WORK ITEM: As the answer, give exactly the lines of the records below from the one with "ホーム > ニュース >" through the one with "Рисунок Ж.1 –", ends included and pictures left out.

PROVIDED MATERIAL:
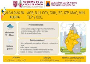 Autoridades de la Secretaría de Gestión Integral de Riesgos y Protección Civil activaron la Alerta Amarilla ante...
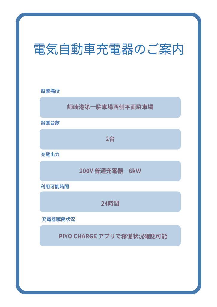 ホーム > ニュース > EV充電器設置のお知らせ 2025年12月7日 Topics EV充電器設置のお知らせ 現在、当施設ではEV充電器の設置準備を進めております。設置が完了次第、改めて皆さまにお知らせいたします。 現在、当施設ではEV充電器の設置準備を進めております。設置が完了次第、改めて皆さまにお知らせいたします。
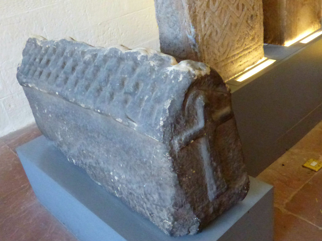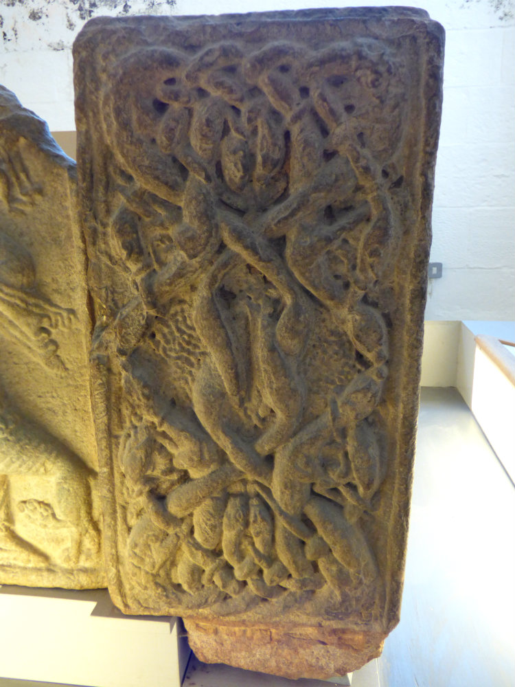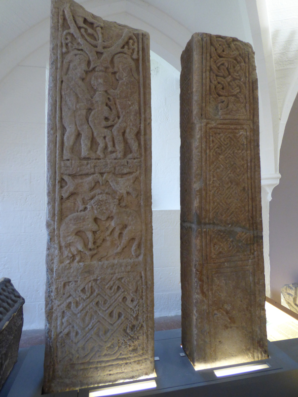 I think both our jaws must have hit the floor as we hit the jackpot. The third room of the little museum seemed to bring together all the threads of the skein that we had been following on our travels. A house-shaped stone… thought to be a grave marker; carved with tiles and looking very like our hogback stones… carved crosses, standing cross shafts… an assortment of heads… and a huge sarcophagus… all just assembled together and waiting for us, while strange beasts and the birds, frozen in stone by the mason’s skill, watched our wonder.
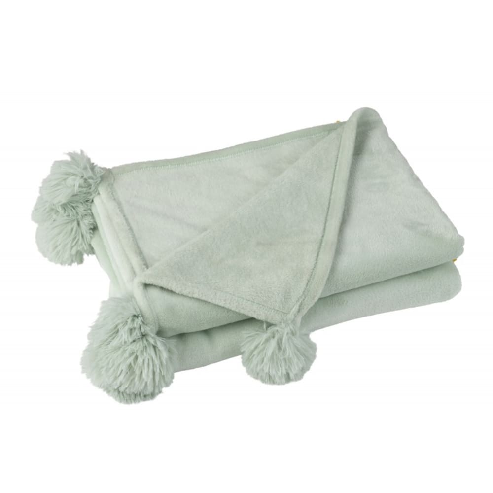 Coperta con pompon in poliestere verde chiaro 173x126 cm
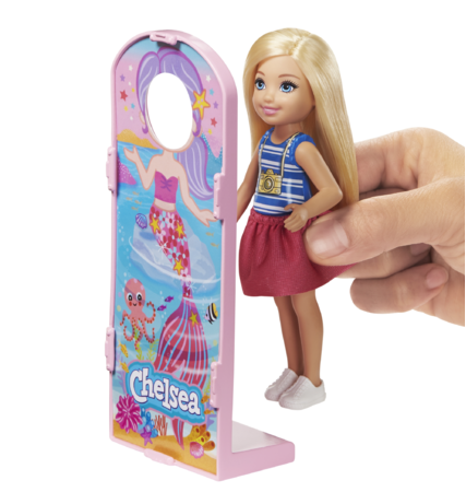 5つの遊び場と観覧車、カラフルなバンパーカー、ゲームブース、風船スタンド、フォトブースなどお子さまの夢を詰め込んだ遊園地のごっこ遊びを楽しめるプレイセットです。観覧車はチェルシーを3体まで座らせることができ、実際に回転させて楽しむことができるのはもちろん、ピンクと水色のカラフルなバンパーカーは、本物さながらのデザインと車輪が特徴で押すと動くので、リアルなごっこ遊びが楽しめます。その他、景品付きのゲームブースや、カラフルな風船がならぶ風船スタンド、マーメイドになりきれる顔はめパネルなど、チェルシーの夢の中のような幻想的な世界観を楽しめます。
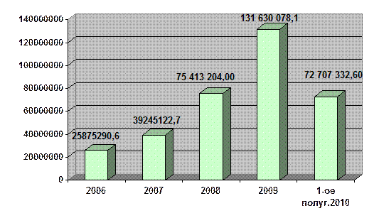 Рисунок Ж.1 – Данные о динамике выплаты страхового возмещения по добровольному страхованию автотранспортных средств физическихлиц на страховом рьнке Республики Беларусь за 2006 – 1-оеполугодие 2010 годы, в тыс.руб. Примечание – Источник: собственная разработка на основе [8, 9].
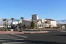 Mesquite is home to several casinos, including the Virgin River Casino, CasaBlanca, Eureka, and Stateline Casino and Motel. The city also includes Rising Star Sports Ranch, a non-gaming hotel and sports facility.[16] The Virgin Valley Heritage Museum has exhibits about area pioneers and local history. The museum building, built in 1940, is listed in the National Register of Historic Places. Mesquite is a stopping point for those traveling along I-15 between Salt Lake City, Las Vegas, and Los Angeles. Mesquite is also a destination for year-round golf, with over nine public courses in the warm desert climate, it draws golfers from all over. Mesquite Airport provides facilities for general aviation and skydiving.[7] It previously hosted the annual RE/MAX World Long Drive Championship until 2015.
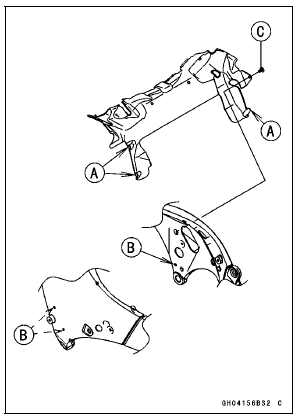 Middle Engine Mounting Bolt [A] Lower Engine Mounting Bolt [B] Left Front Engine Mounting Bolt [C] Right Front Engine Mounting Bolt [D]
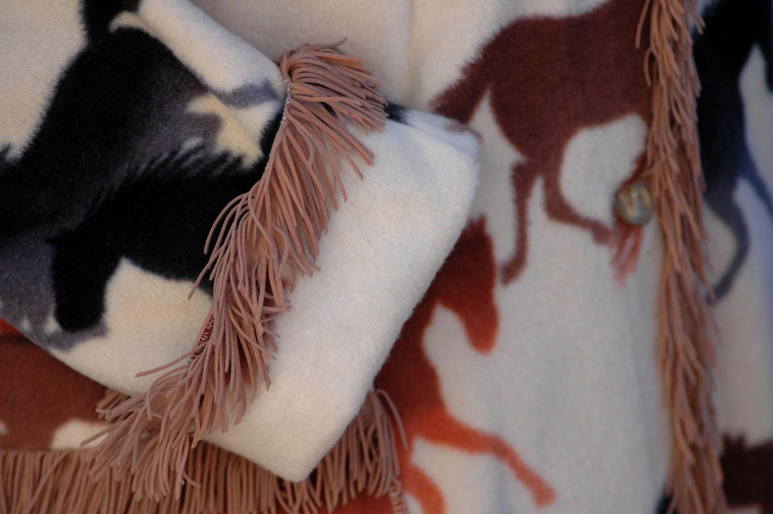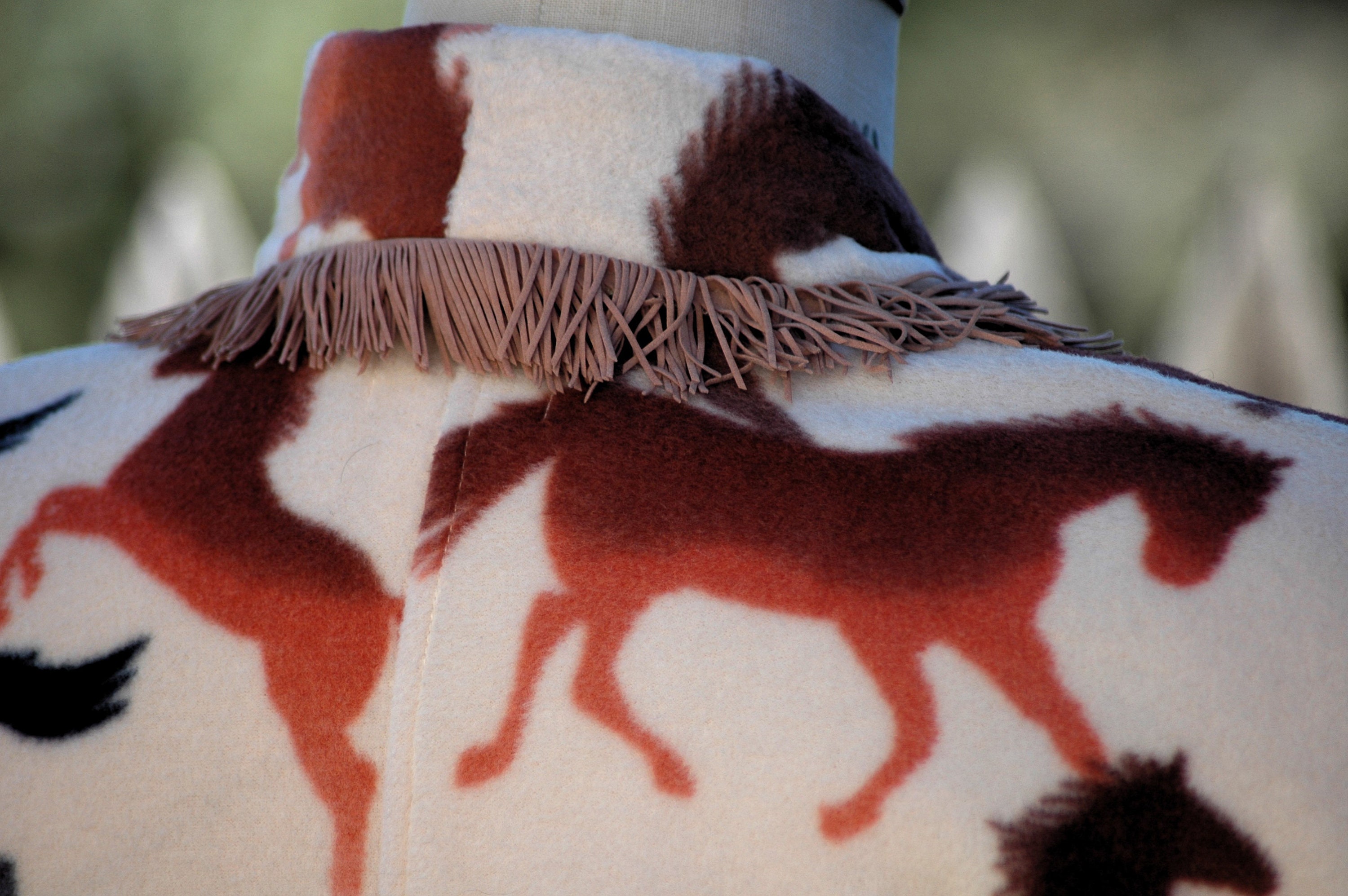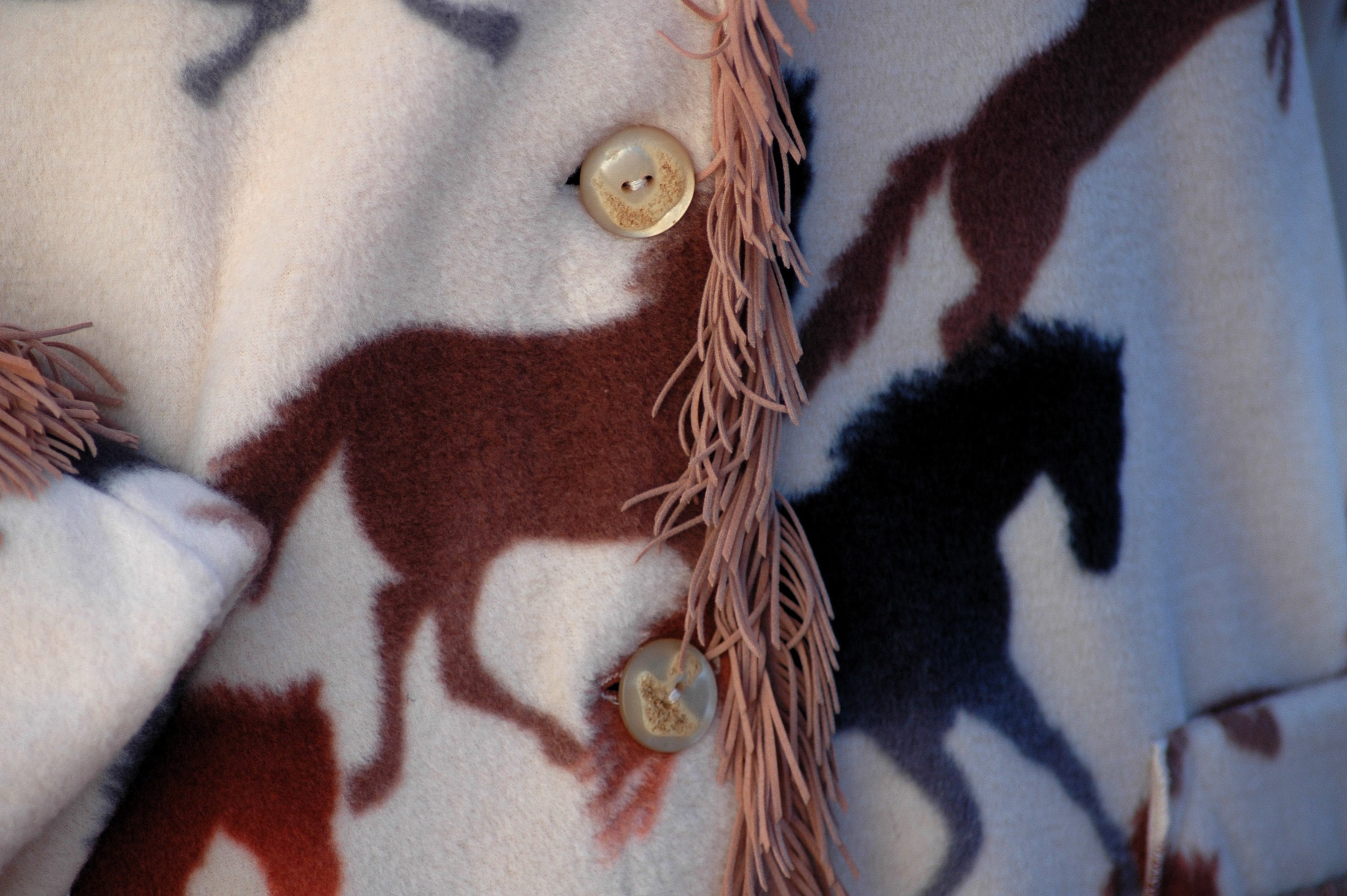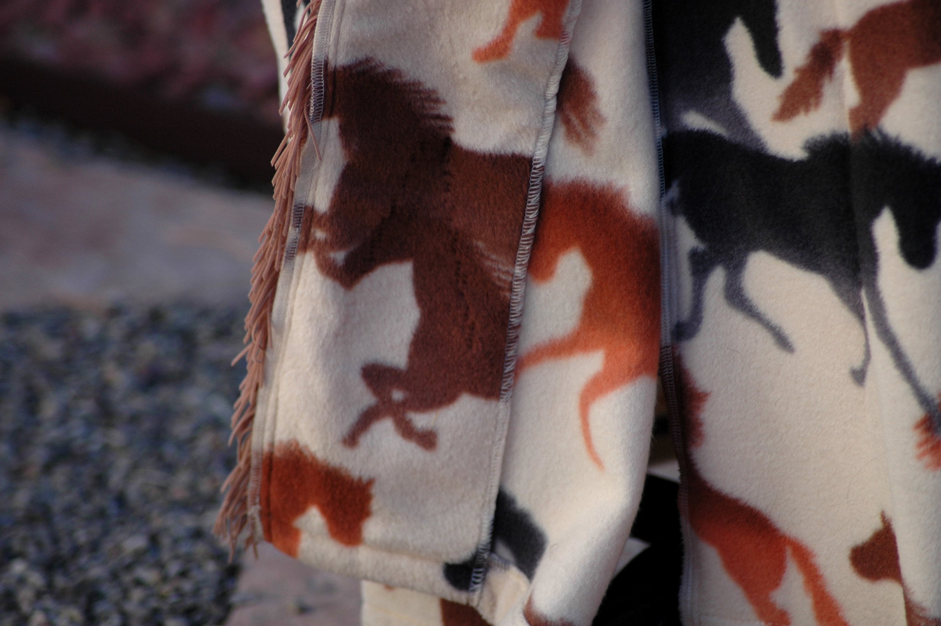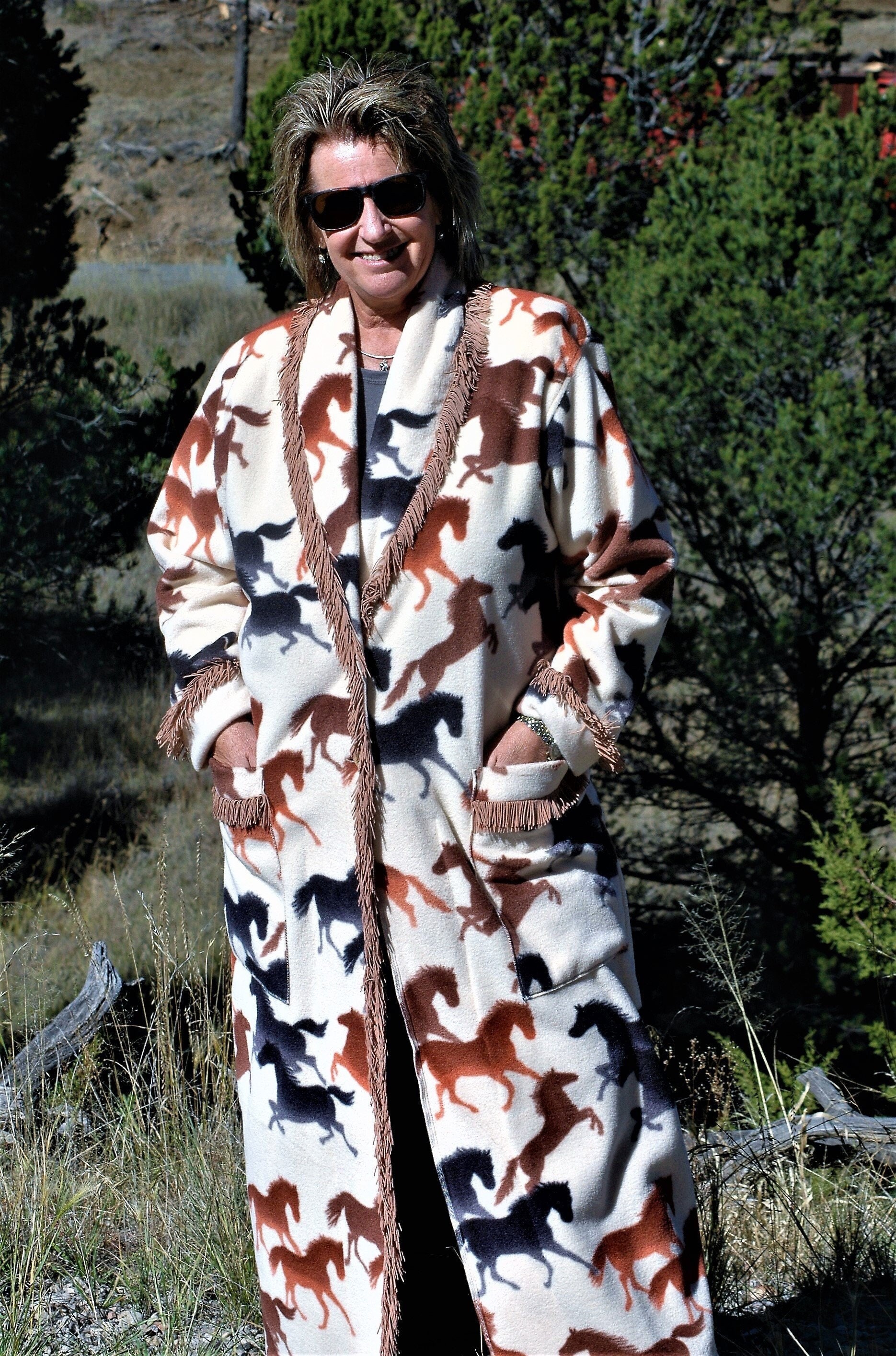 Horse print on a luxury velour anti-pill fleece full length coat. Very light weight on the body, but very warm and cuddly. this is a great jacket for traveling, I have used mine as a blanket on airplanes; you can roll it up use it as a pillow unroll it put it back on and no one would ever know. It does not wrinkle. You will get many compliments on this when you wear it.

SOLUTION TO THIS EXERCISE:
 ホーム > ニュース > EV充電器設置のお知らせ 2025年12月7日 Topics EV充電器設置のお知らせ 現在、当施設ではEV充電器の設置準備を進めております。設置が完了次第、改めて皆さまにお知らせいたします。 現在、当施設ではEV充電器の設置準備を進めております。設置が完了次第、改めて皆さまにお知らせいたします。
 I think both our jaws must have hit the floor as we hit the jackpot. The third room of the little museum seemed to bring together all the threads of the skein that we had been following on our travels. A house-shaped stone… thought to be a grave marker; carved with tiles and looking very like our hogback stones… carved crosses, standing cross shafts… an assortment of heads… and a huge sarcophagus… all just assembled together and waiting for us, while strange beasts and the birds, frozen in stone by the mason’s skill, watched our wonder.
 Coperta con pompon in poliestere verde chiaro 173x126 cm
 5つの遊び場と観覧車、カラフルなバンパーカー、ゲームブース、風船スタンド、フォトブースなどお子さまの夢を詰め込んだ遊園地のごっこ遊びを楽しめるプレイセットです。観覧車はチェルシーを3体まで座らせることができ、実際に回転させて楽しむことができるのはもちろん、ピンクと水色のカラフルなバンパーカーは、本物さながらのデザインと車輪が特徴で押すと動くので、リアルなごっこ遊びが楽しめます。その他、景品付きのゲームブースや、カラフルな風船がならぶ風船スタンド、マーメイドになりきれる顔はめパネルなど、チェルシーの夢の中のような幻想的な世界観を楽しめます。
 Рисунок Ж.1 – Данные о динамике выплаты страхового возмещения по добровольному страхованию автотранспортных средств физическихлиц на страховом рьнке Республики Беларусь за 2006 – 1-оеполугодие 2010 годы, в тыс.руб. Примечание – Источник: собственная разработка на основе [8, 9].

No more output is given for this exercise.